Procuradorias

Defesa em Mandado de Segurança: Visão do Tribunal

Defesa em Mandado de Segurança: Visão do Tribunal — artigo completo sobre Procuradorias com fundamentação legal e jurisprudência atualizadas. Plataforma Minuta.Tech.

25 de julho de 20257 min de leitura

Automatize suas minutas e documentos com IA — contratos, petições e peças prontas em minutos.

Experimentar Grátis
Defesa em Mandado de Segurança: Visão do Tribunal

Resumo

Defesa em Mandado de Segurança: Visão do Tribunal — artigo completo sobre Procuradorias com fundamentação legal e jurisprudência atualizadas. Plataforma Minuta.Tech.

O Mandado de Segurança é uma das ações constitucionais mais recorrentes na rotina das procuradorias e dos tribunais brasileiros. Com a promessa de proteção célere a direitos líquidos e certos, ele se apresenta como um instrumento vital na defesa contra atos ilegais ou abusivos de autoridades públicas. Para os profissionais do setor público, compreender a visão do tribunal sobre a defesa nesse remédio constitucional é essencial. Não se trata apenas de dominar o rito procedimental, mas de entender como a jurisprudência, especialmente do Superior Tribunal de Justiça (STJ) e do Supremo Tribunal Federal (STF), interpreta e aplica os requisitos legais, moldando as estratégias de defesa. Este artigo aprofunda-se na análise da defesa em Mandado de Segurança sob a ótica dos tribunais, abordando os principais fundamentos legais, a jurisprudência atualizada e as orientações práticas para a atuação das procuradorias.

A Natureza do Mandado de Segurança e os Requisitos para Concessão

O Mandado de Segurança, previsto no artigo 5º, LXIX, da Constituição Federal, visa proteger direito líquido e certo, não amparado por habeas corpus ou habeas data, quando o responsável pela ilegalidade ou abuso de poder for autoridade pública ou agente de pessoa jurídica no exercício de atribuições do Poder Público.
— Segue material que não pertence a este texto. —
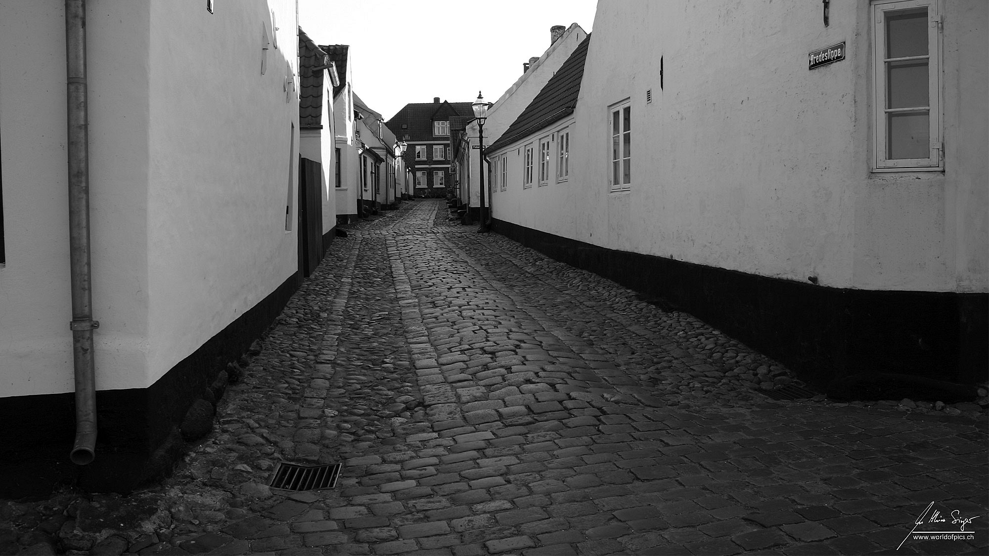 Eine der vielen kleinen, gepflasterten Strassen in der wunderhübschen Kleinstadt Ribe im Südwesten Dänemarks. Die Stadt war ursprünglich ein Hafen, liegt inzwischen aber ein paar Kilometer vom Meer entfernt und ist nur noch durch einen schmalen Kanal mit der offenen See verbunden.
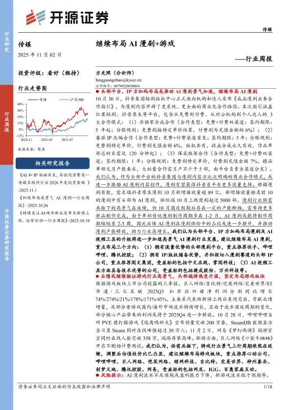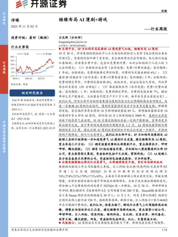 【开源证券】【2025】继续布局 AI漫剧+游戏——行业周报-18页
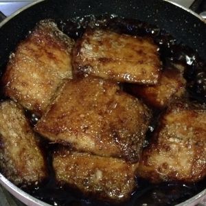 鱼煎至两面金黄时,倒入料汁,大火收汁即可

A Lei nº 12.016/2009 regulamenta o procedimento, estabelecendo os requisitos e as condições para a sua impetração.

O cerne do Mandado de Segurança reside na demonstração inquestionável do "direito líquido e certo". Essa exigência, conforme consolidado entendimento jurisprudencial, impõe que a prova da alegação seja pré-constituída, não se admitindo dilação probatória no rito célere do mandamus. A visão do tribunal, portanto, é rigorosa quanto à comprovação documental, exigindo que a ilegalidade ou o abuso de poder sejam evidentes desde a inicial.
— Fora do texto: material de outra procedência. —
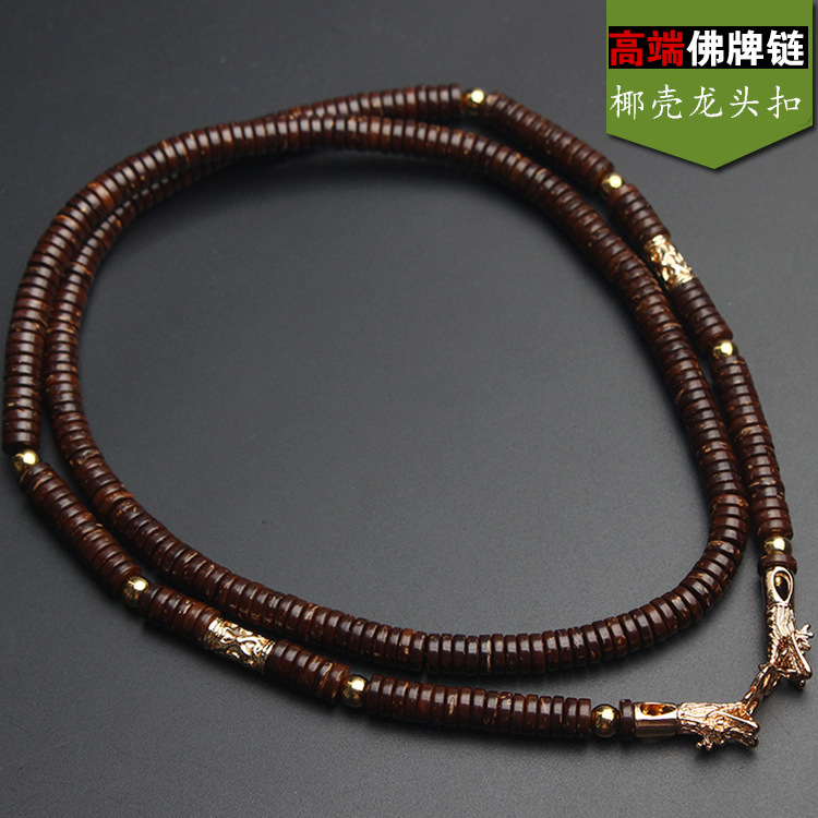 Thai Natural Primary Color Coconut Shell Buddha Amulet Chain Wooden Hanging Chain Necklace Classy Faucet Buckle Buddha Amulet Chain Exquisite

O Prazo Decadencial e a Atuação da Defesa

Um dos aspectos cruciais na defesa em Mandado de Segurança é o prazo decadencial de 120 (cento e vinte) dias, previsto no artigo 23 da Lei nº 12.016/2009. A contagem desse prazo inicia-se na data em que o interessado tiver ciência oficial do ato a ser impugnado. A jurisprudência do STJ tem sido firme na aplicação desse prazo, considerando-o peremptório e não sujeito a suspensão ou interrupção.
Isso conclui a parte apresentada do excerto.